By Donald Zuhn --
Earlier this month, the House of Representatives passed the "2010 Supplemental Appropriations Act" (H.R. 4899) after tacking an additional $22.8 billion onto the Senate version of the bill, which called for $45.5 billion in discretionary funding for FY 2010. The bill would provide, inter alia, $37.12 billion for U.S. troops in Iraq and Afghanistan, $13 billion in mandatory funding for Vietnam veterans exposed to Agent Orange, $5.1 billion for FEMA disaster relief, $2.9 billion for Haiti, $162 million for the Gulf Coast oil spill, and over $600 million for other domestic needs. The extra $22.8 billion in spending was not the only thing the House tacked onto the bill, however. House legislators also inserted a provision that would allow the Federal Trade Commission (FTC) to "initiate a proceeding . . . against the parties to any agreement resolving or settling, on a final or interim basis, a patent infringement claim, in connection with the sale of a drug product," wherein the agreement has "anticompetitive effects" (see "House Slips Pay-For-Delay Provision into Appropriations Bill").
The bill, which was returned to the Senate last week, was cleared for White House approval yesterday, but not before the Senate stripped away the pay-for-delay provision. Senate Majority Leader Harry Reid (D-NV) moved to adopt the House amendments to the bill, but the Senate disagreed to the House amendments by unanimous consent, after which the bill was returned to the House where that body voted 308-114 to accept the Senate's earlier version of the bill.

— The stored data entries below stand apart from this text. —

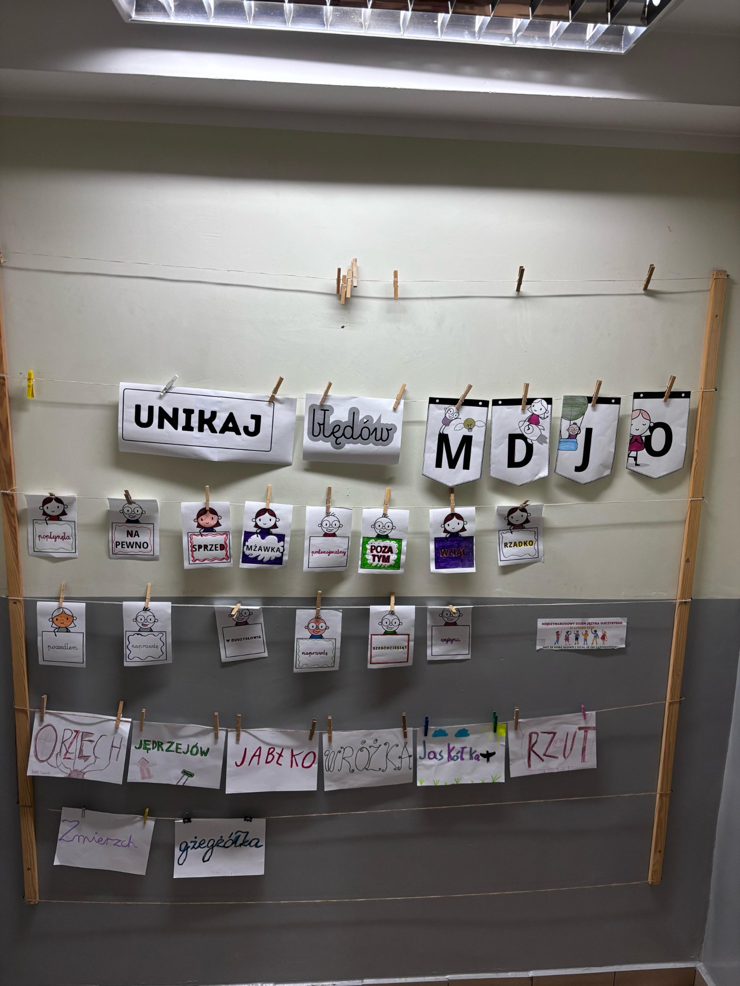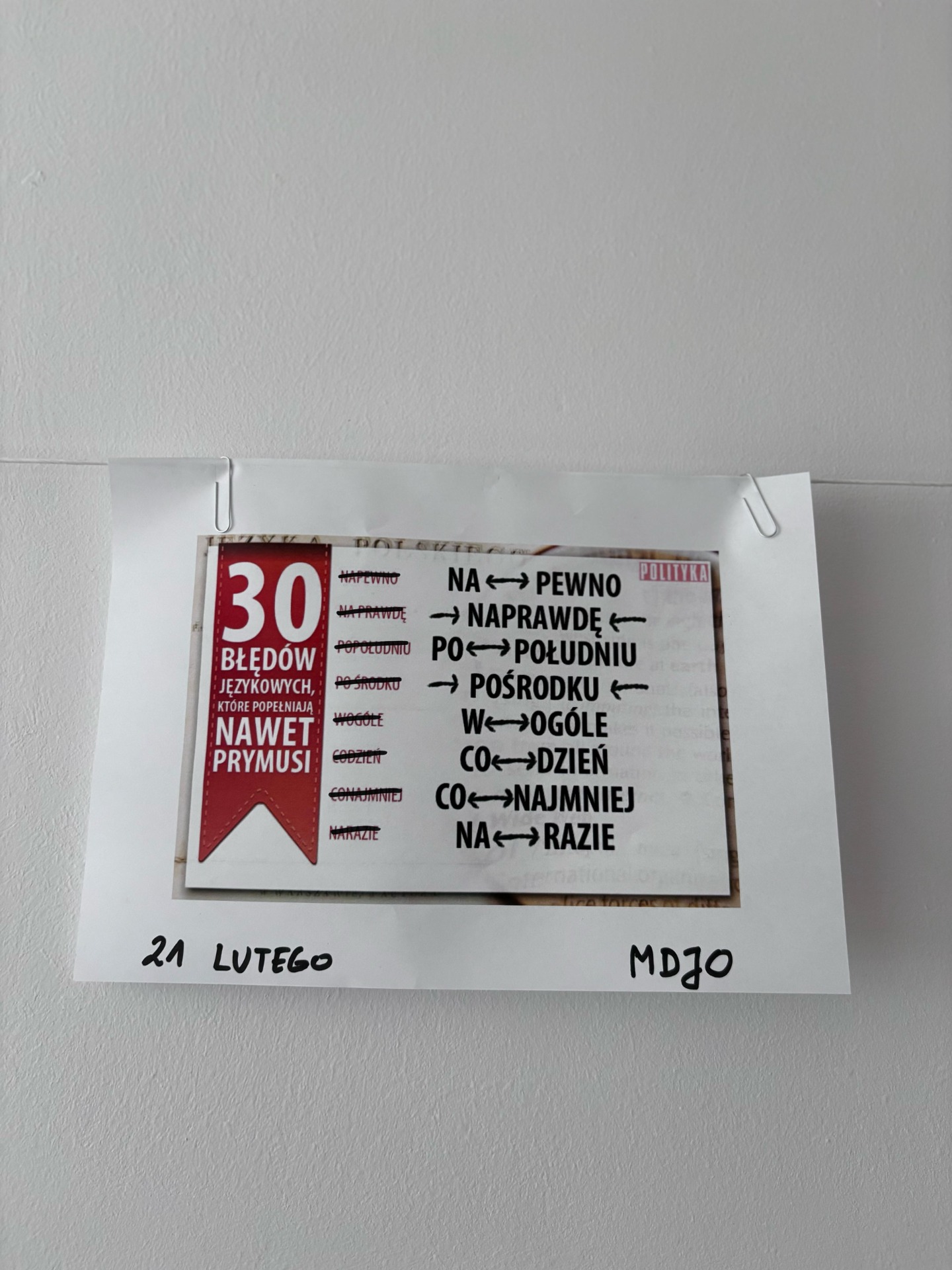Na korytarzach zawisły okolicznościowe plakaty. Gazetka i liczne plansze przestrzegały przed błędami językowymi. Uczniowie korzystali z fiszek rozwieszonych na ścianach, by ocalić od zapomnienia rzadziej używane wyrazy.
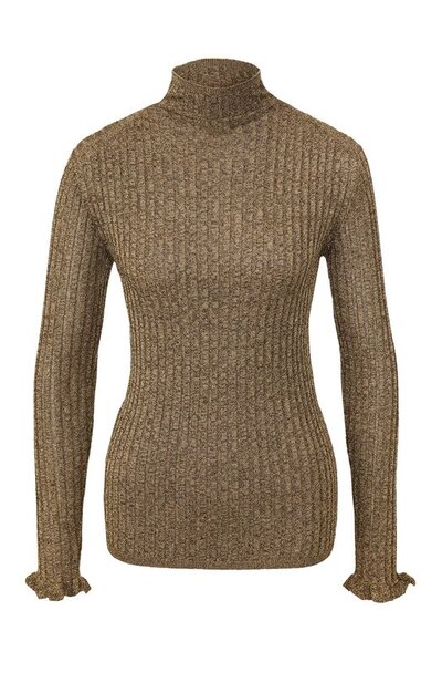 В весенне-летнюю коллекцию бренда, основанного Ральфом Лореном, вошла меланжевая водолазка с узкими оборками на манжетах. Модель изготовили в технике английской резинки из тонкой вискозной пряжи с добавлением металлизированных нитей для мягкого мерцающего блеска. Наши стилисты предлагают дополнить образ слегка расклешенными брюками со стрелками и туфлями на невысоком каблуке.
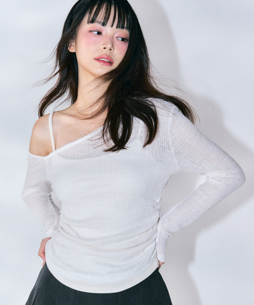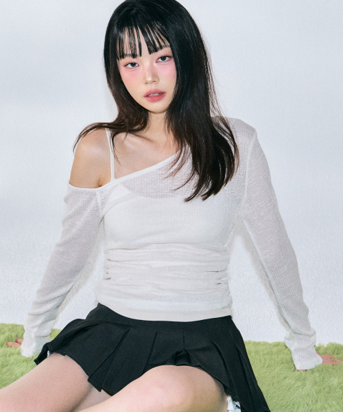 비스킷 시스루 니트 레이어드 세트 [CHARCOAL]

Before the Senate had a chance to remove the pay-for-delay provision, the Generic Pharmaceutical Association (GPhA) released a statement saying that the organization was "extremely disappointed that the U.S. House of Representatives adopted language in the War Funding Bill (H.R. 4899) that will delay consumer access to affordable medicines by severely restricting drug patent litigation settlements" (see "House Slips Pay-For-Delay Provision into Appropriations Bill"). The Pharmaceutical Research and Manufacturers of America (PhRMA) provided its own statement days before the House passed its amended version of the appropriations bill. The trade group, which represents pharmaceutical research and biotechnology companies, said that it "continues to believe that legislation that would impose a blanket ban on certain types of patent settlements or otherwise prevent them could decrease the value of patents and reduce incentives for future innovation of new medicines," and further, that pay-for-delay (or reverse payment) legislation would "discourage pro-consumer settlements that often bring generics to market years before patent expiration." The PhRMA release concludes by stating that "each settlement between a brand and generic should be judged on its own merit, taking all the facts into account, and the FTC, Department of Justice and the courts are well-equipped to evaluate individual settlements and determine whether they will help or hurt consumers."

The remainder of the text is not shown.